** Supplied material **
Segment Open
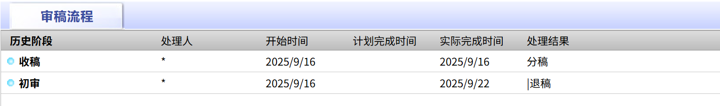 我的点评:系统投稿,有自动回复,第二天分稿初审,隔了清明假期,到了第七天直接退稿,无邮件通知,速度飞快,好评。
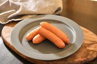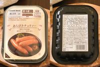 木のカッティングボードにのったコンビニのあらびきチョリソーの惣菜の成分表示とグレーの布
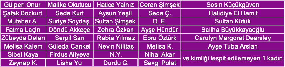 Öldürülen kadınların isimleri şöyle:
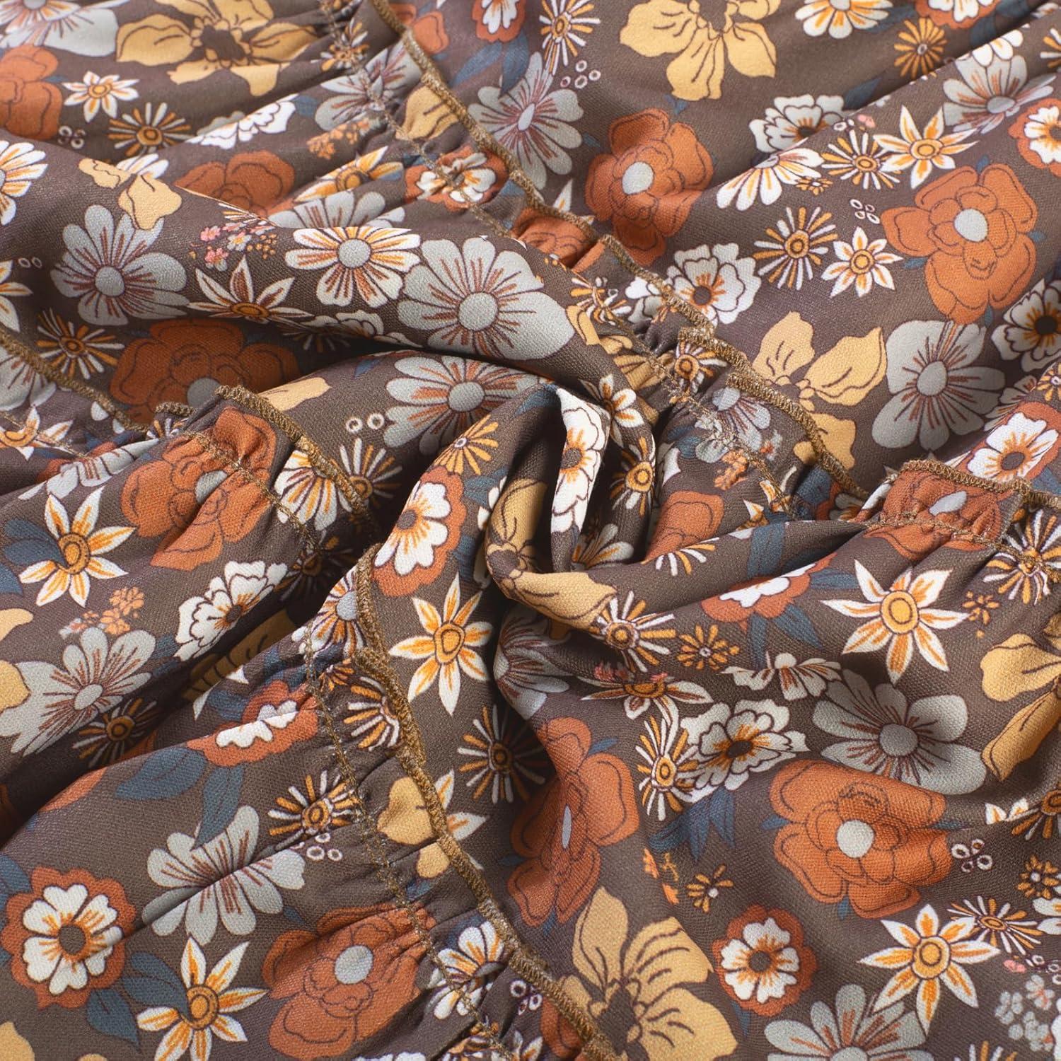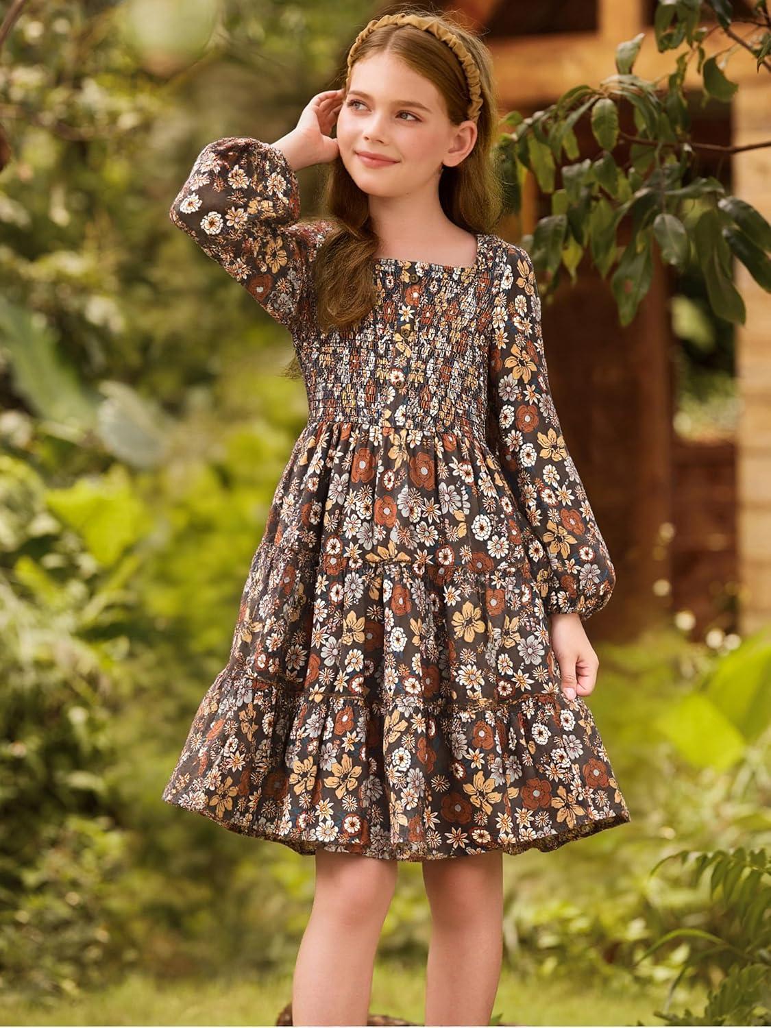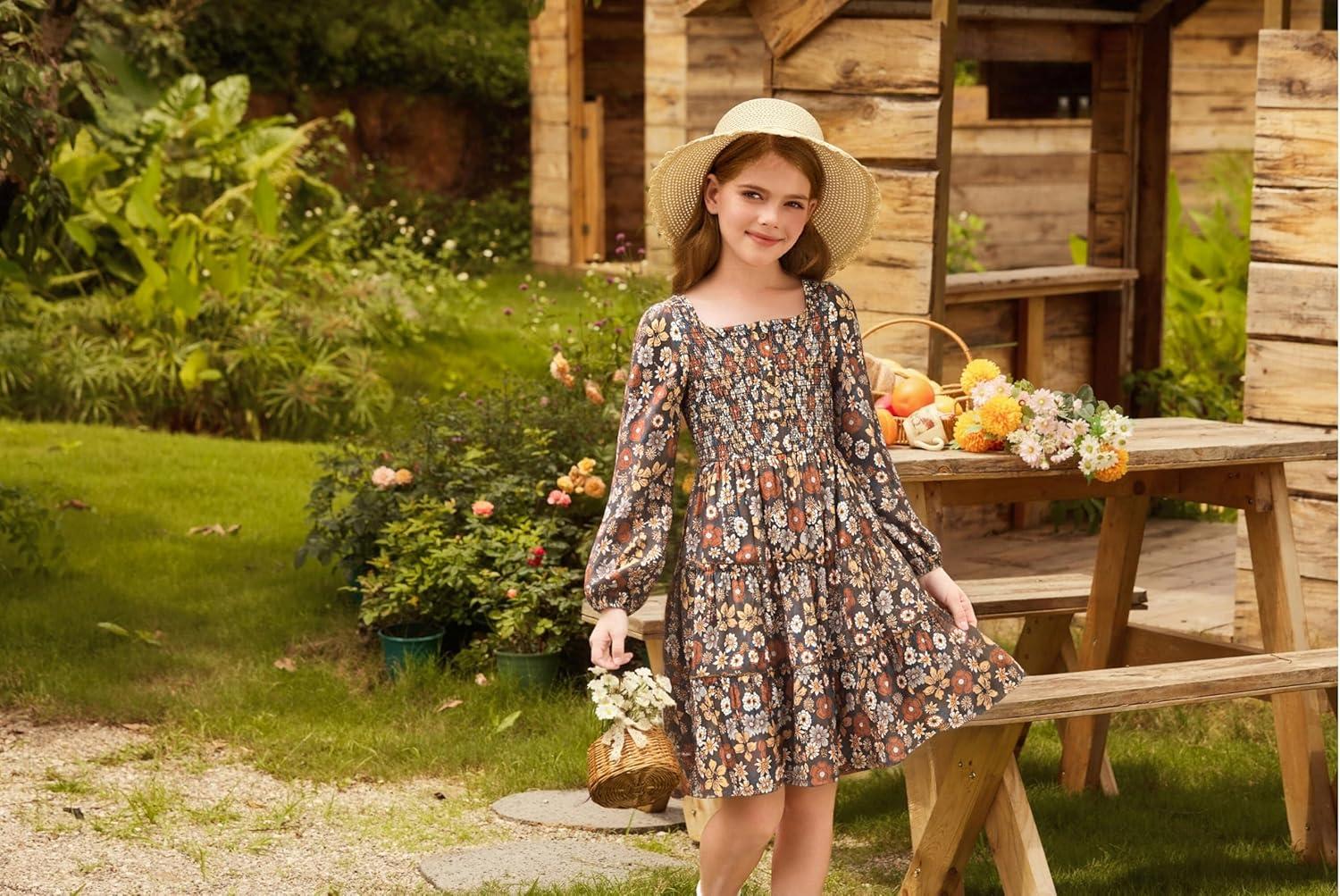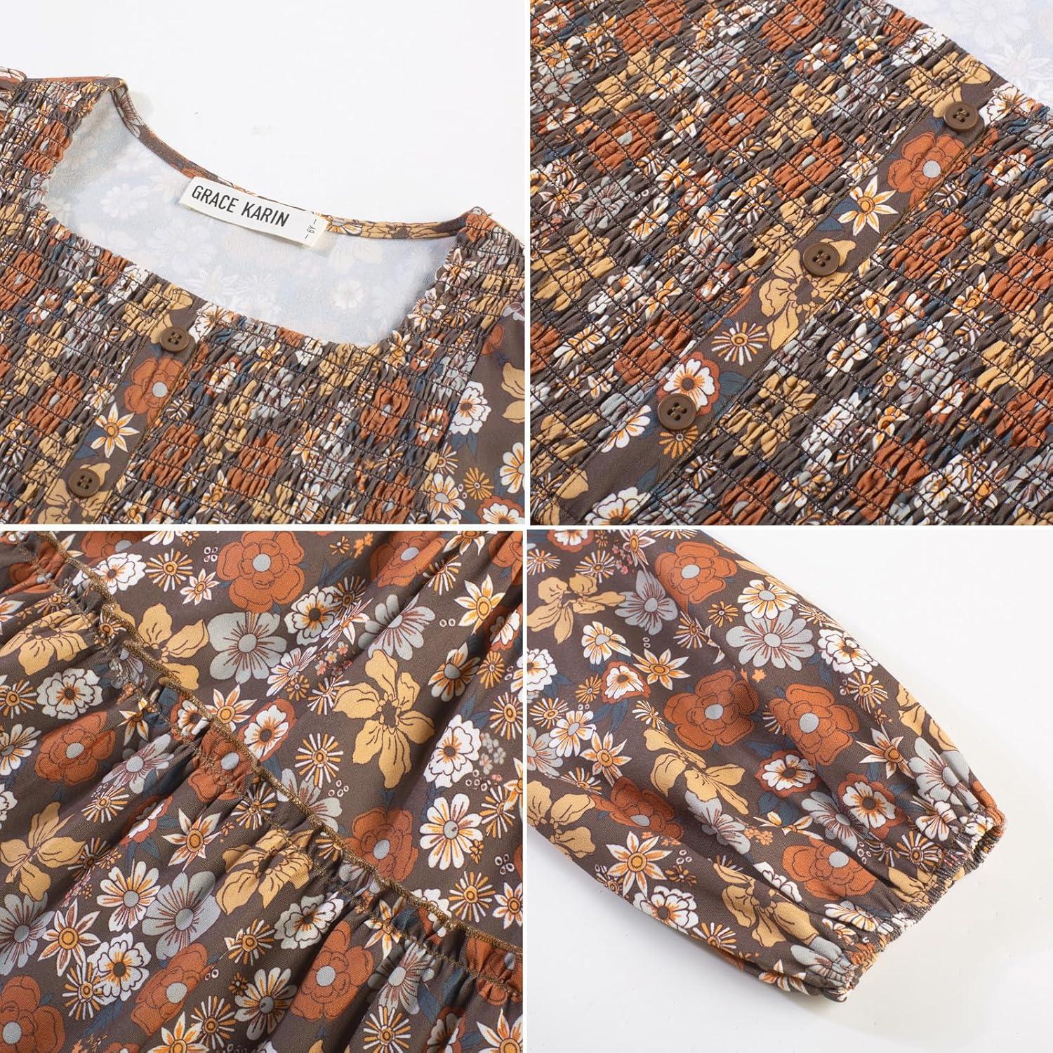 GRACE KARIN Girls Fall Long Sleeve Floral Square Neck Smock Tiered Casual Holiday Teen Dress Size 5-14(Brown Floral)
Segment Closed
Segment Open
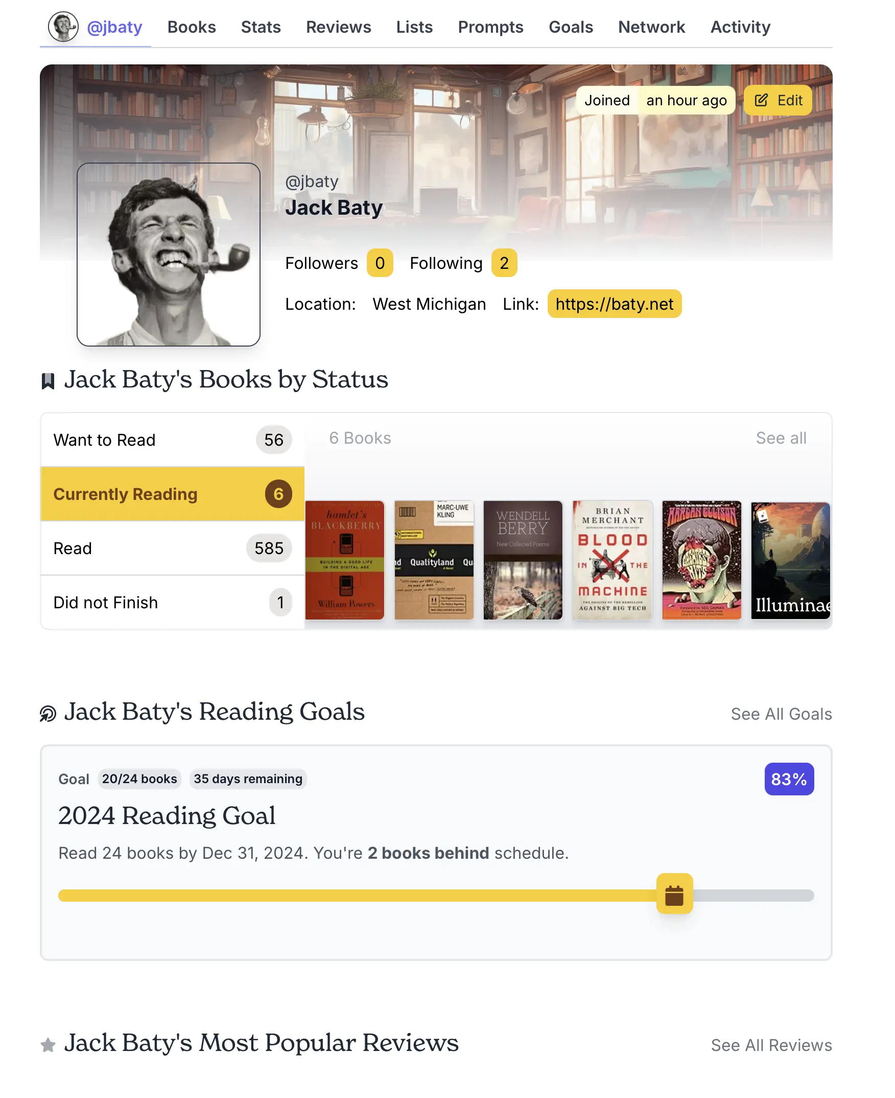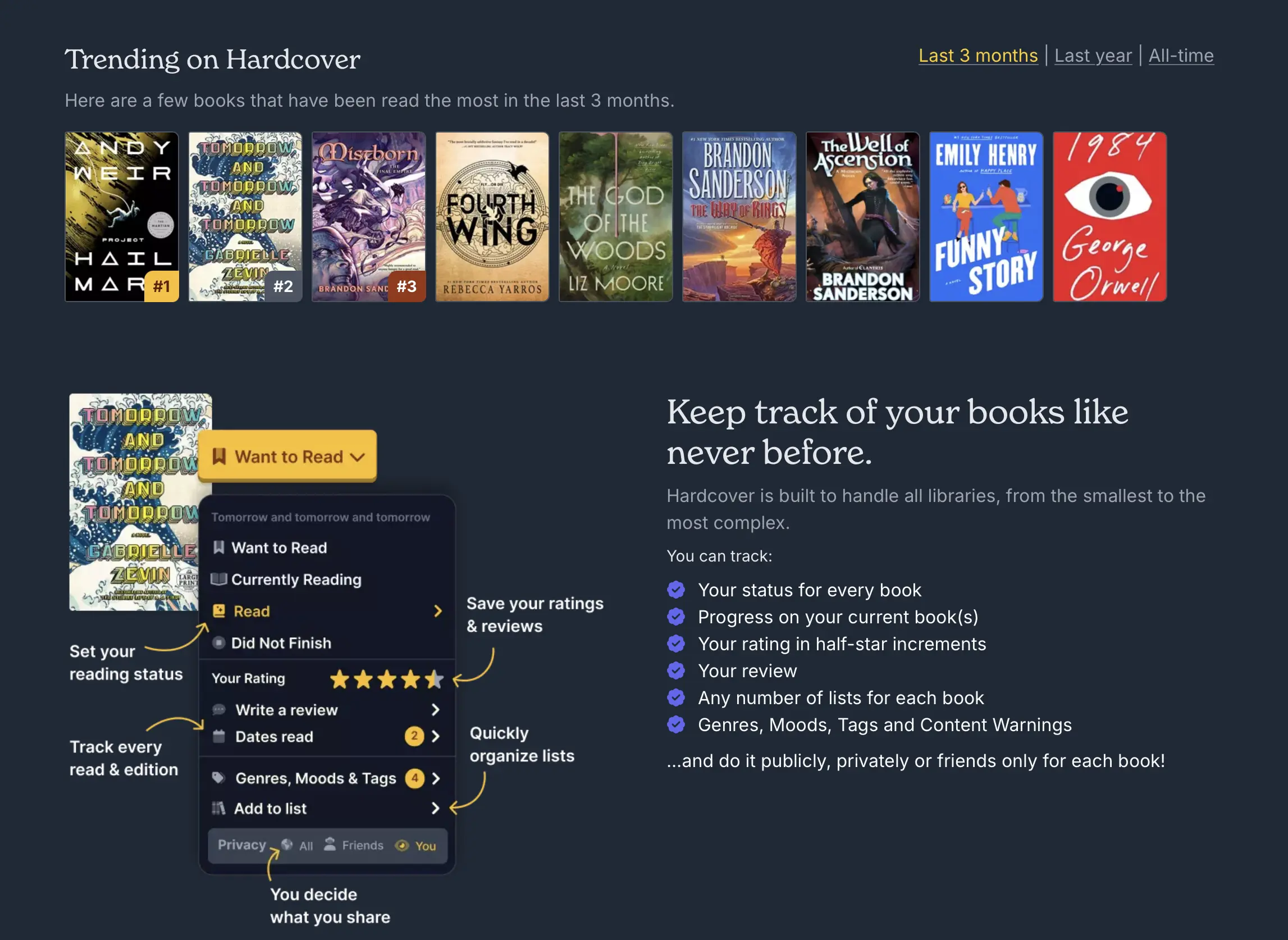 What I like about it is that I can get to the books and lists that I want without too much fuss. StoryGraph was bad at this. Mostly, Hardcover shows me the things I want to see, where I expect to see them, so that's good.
Segment Closed
** Required work **
Leaving all pictures out, output exactly the lines of the material above from the line with "Öldürülen kadınların isimleri" to the line with "GRACE KARIN Girls", both included.

** Answer box **
 Öldürülen kadınların isimleri şöyle:
 GRACE KARIN Girls Fall Long Sleeve Floral Square Neck Smock Tiered Casual Holiday Teen Dress Size 5-14(Brown Floral)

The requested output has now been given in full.